GayandRight

My name is Fred and I am a gay conservative living in Ottawa. This blog supports limited government, the right of the State of Israel to live in peace and security, and tries to expose the threat to us all from cultural relativism, post-modernism, and radical Islam. I am also the founder of the Free Thinking Film Society in Ottawa (www.freethinkingfilms.com)

Saturday, June 13, 2009

Wind power just doesn't make sense...

The Financial Post published two opinion pieces on wind power...one for wind by Amory Lovins, and one against by Michael J. Trebilcock excerpted below...
1 If electricity generated by wind power is competitive with other forms of electricity generation, why does it require such large subsidies? In 2008, the U.S. Energy Information Administration reported the following relative subsidies, on a dollar-per-megawatt-hour basis, for 2007: natural gas at 25¢, coal at 44¢, hydro at 67¢, nuclear at $1.59 — and wind at $23.37. And why is the proposed feed-in tariff for wind power in Ontario ($13.5 per kilowatt hour) and related costs at least twice the prevailing price for electricity in the province? If wind power is competitive, why doesn’t the wind industry renounce all subsidies?
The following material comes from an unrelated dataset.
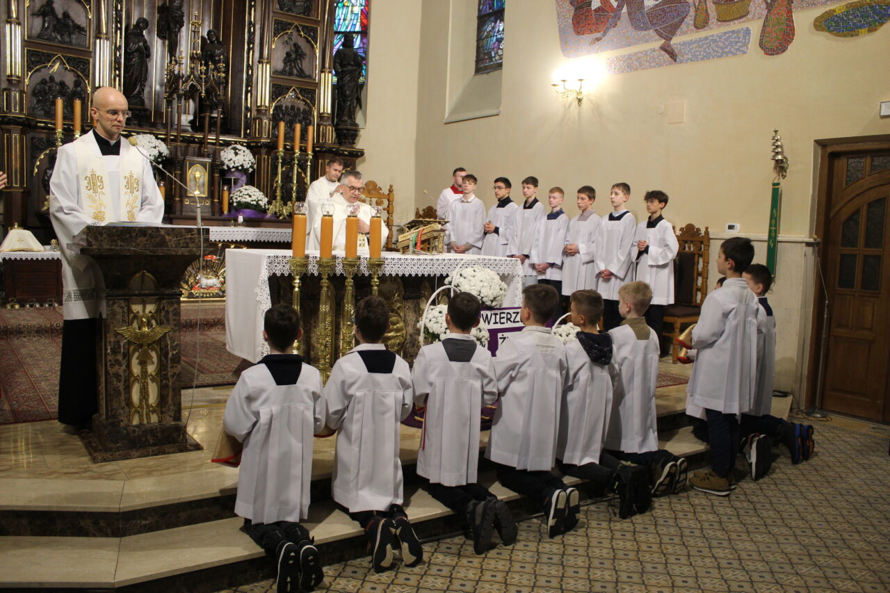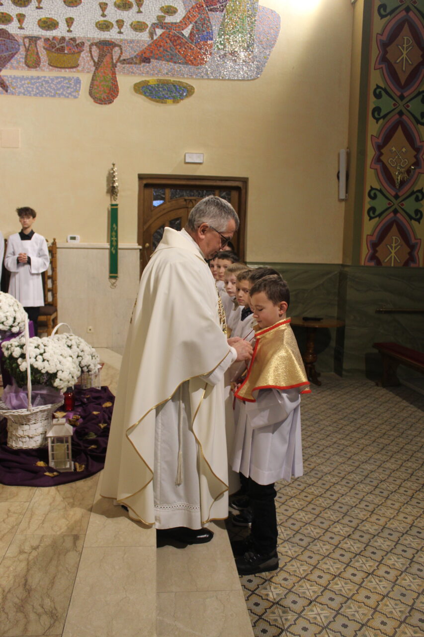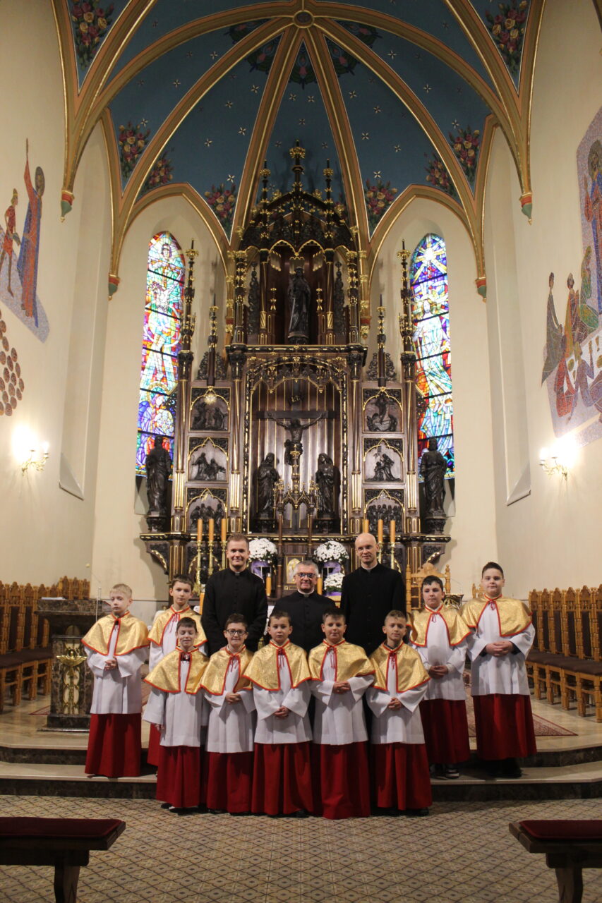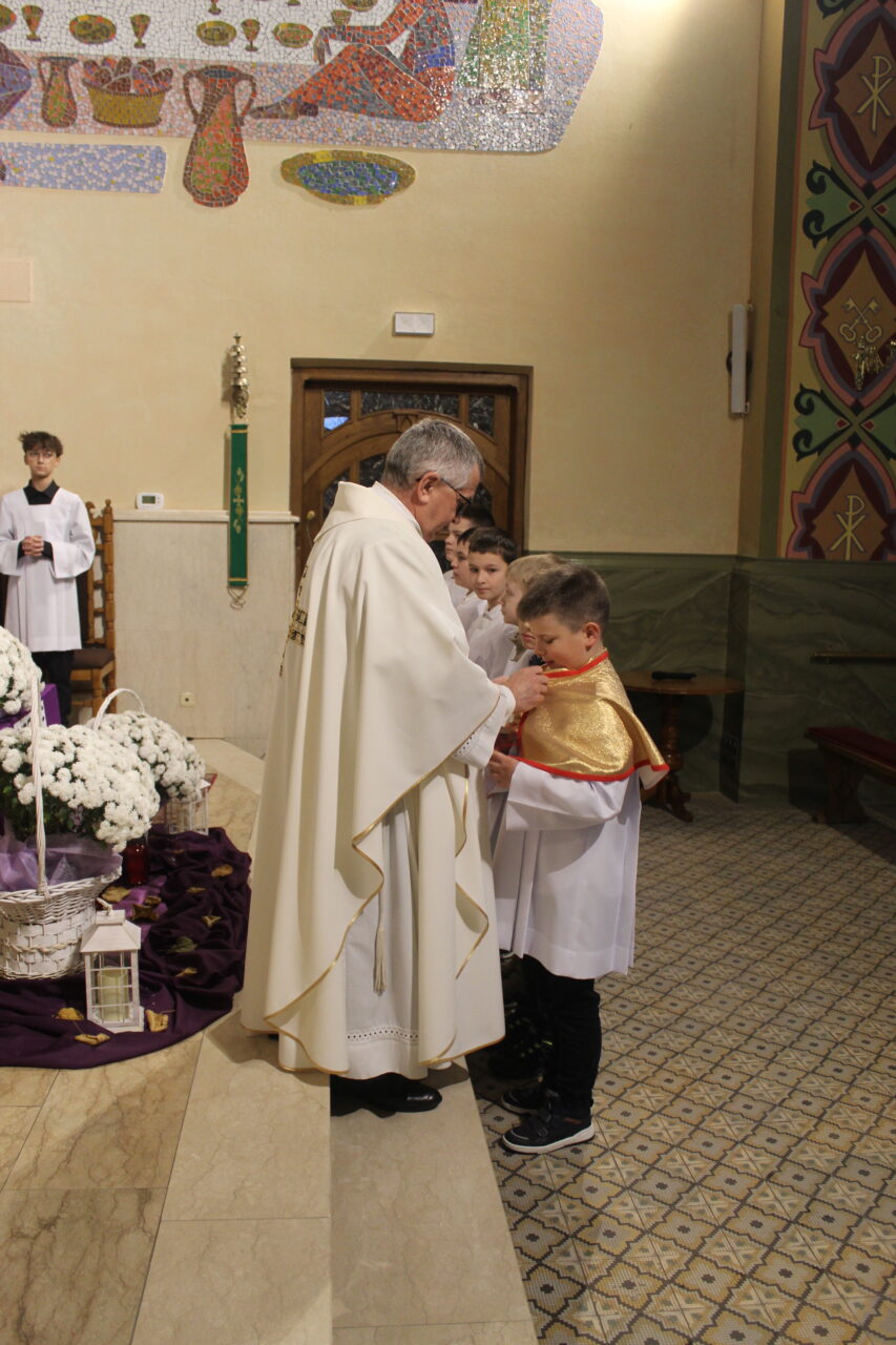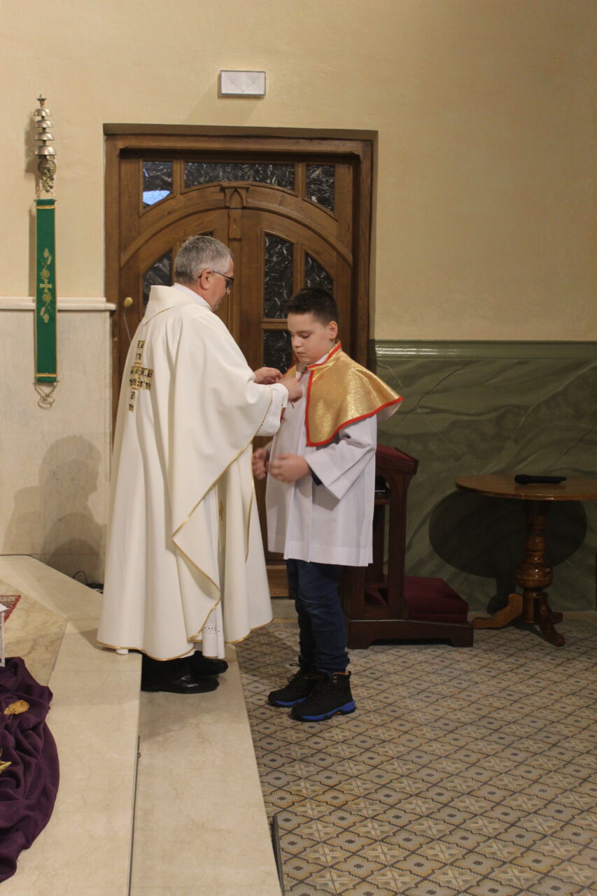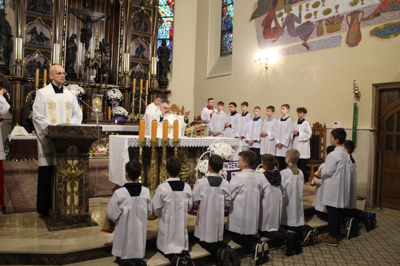 Ustanowienie nowych ministrantów miało miejsce podczas Mszy Świętej o godzinie 9.00. Po pozdrowieniu, Ksiądz Rafał, opiekun Liturgicznej Służby Ołtarza przedstawił 9 kandydatów i poprosił Księdza Proboszcza o włączenie ich do LSO. Na znak ich włączenia do Ministrantów, otrzymali pełny strój, jaki odtąd będą używać podczas pełnienia swej służby przy ołtarzu.

2 If wind power has had such a dramatic impact on carbon emissions in Denmark, why is it that European Environment Agency data show that carbon emissions in Denmark have been essentially flat over the period 1990-2007 (with some year-to-year variation), while wind production has increased dramatically over this period? Why “adjust” these emission figures downwards to reflect electricity exports (sold at a substantial loss) when these are displacing carbon-free hydro and nuclear power in neighbouring countries?

3 Given the meagre and intermittent electricity output from wind turbines, how can it possibly displace most conventional sources of power? In his recent book, Sustainable Energy — Without the Hot Air (UIT), reviewed by The Economist magazine, David Mackay’s estimates imply that to replace 90% of existing electricity generation in the U.K. with wind power, the entire country would have to be blanketed with wind turbines. Even if wind turbines can displace some conventional sources of electricity, what is gained by this when, as in Ontario, 75% of current generation output is already carbon-free and when hydro-abundant provinces could substantially increase clean electricity exports to the United States (displacing dirty electricity there) if domestic electricity were priced at its opportunity costs (with rebates to low-income consumers)?

4 How credible are claims that wind power can create significant new “green” jobs, when either higher production costs to electricity-intensive industries, or higher subsidies and hence tax burdens, are likely to kill far more jobs?